As I prayed for the people I started to realize that I really carry the love of Jesus inside my eyes, so I tilted the chin of the ones I was praying for up to me, and I said, “Jesus loves you”, and smiled and looked into their eyes. And you could actually see a change in their countanance, I could actually feel love going into them even though the language barrier was there and they couldn't understand me. Almost all of them, of all ages after praying for them I hugged them, to show them I actually loved them.

Throughout the trip I realized I had given up my rights because of my heart posture, I could actually feel it. I mean how could I love the bush-bush if I hadn't? The living conditions were disgusting, we were hungry, and we were so tired. There were so many bugs, and no power, nothing but a hole that smelled so bad to go to the bathroom in. And yet I was falling in love with this place. In fact I loved it much more then my current “home” at Iris Ministries. And I started to be even more thankful for this place I am living at here at Iris, compared to most of Africa we are living amazingly.

As we journed back from the bush-bush in a packed uncomfortable truck full of close to 30 smelly people I didn't feel tired, I didn't feel gross, I didn't feel unthankful. I felt so thankful, and I began to talk to God and tell Him who He is, to adore Him for who He is. I began to worship Him, and sing to Him and thank Him. And I started to lean on Him even more, and I started to finally fall in love with God. I opened up my Bible and started to read some of Matthew, and when reading about the crowds that came to Him, after being in the bush-bush I could actually picture what that was like, and my prayer for the Word to come alive to me is finally being answered.
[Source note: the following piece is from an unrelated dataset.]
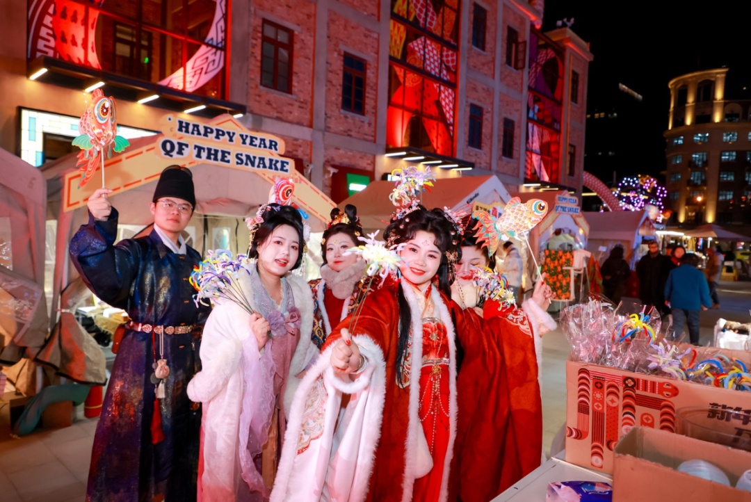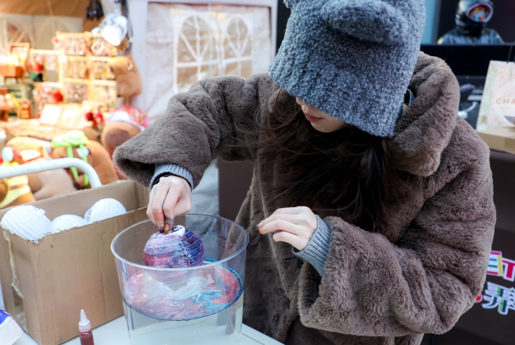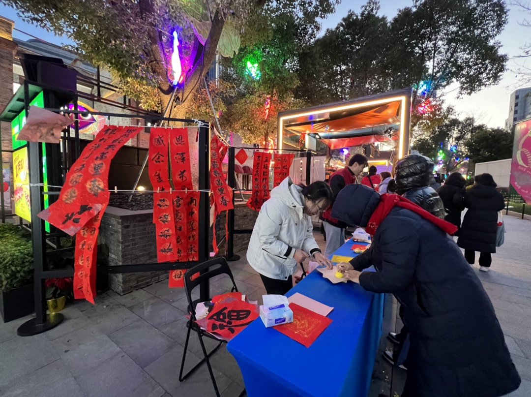 写春联、制漆灯、嬉鱼灯……在1月10日,滨港商业中心今潮8弄开启的潮集集×无所市事“蛇来运转游园会” 上,市民们感受到了一场潮趣好玩的新春游园之旅。
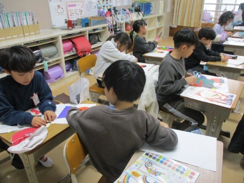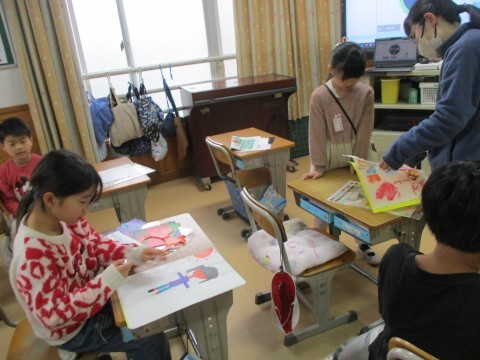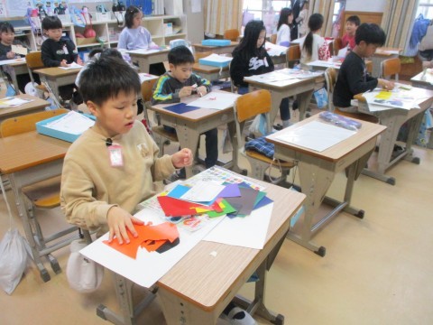 紙版画に取り組んでいます。思うように色紙を切るのが難しそうです。

Learning to give up your rights will change your life, forever.  

Monday, April 4, 2011

Day Four in Africa

Well!

As you can probably tell by this post I made it to Mozambique. Boy was it a long adventure to get here, 5 days of crazy traveling across the world, from San Francisco, California to Frankfurt, Germany, to Johannesburg, South Africa to Maputo, Mozambique to Pemba, Mozambique. But it was a good adventure!

Africa is nothing like I could have ever imagined, it's much hotter then our research told us, and it's just so mind blowing. I've never been out of America (I've been to Canada, and Mexico), and if culture shock is how you could describe it, I have that times a billion. It's going to take a few weeks to get used to life here. It's so different then anything I could imagine. Definitely an opportunity for some major growth in my life.

The kids here are amazing, and so cute. They love love love to just sit by you, and lay on you, and hold your hand. And ask you for your stuff too. Haha. They're amazing, and I've never seen cuter babies then the ones here.

I'll be going out into the bush Thursday-Saturday most weeks, to share my testimony, and to pray for people, and see Jesus heal them and radically transform their lives. I'm really excited. It's going to crazy.

I want to thank everyone that supported me, and prayerfully supported me. It's an incredible privilege to have you all in my life. Keep praying, and keep speaking into my life, because I can't do it without you.

Words of encouragement sent my way would be a refresher, and are much needed.

Love you all, I'll try to keep you updated!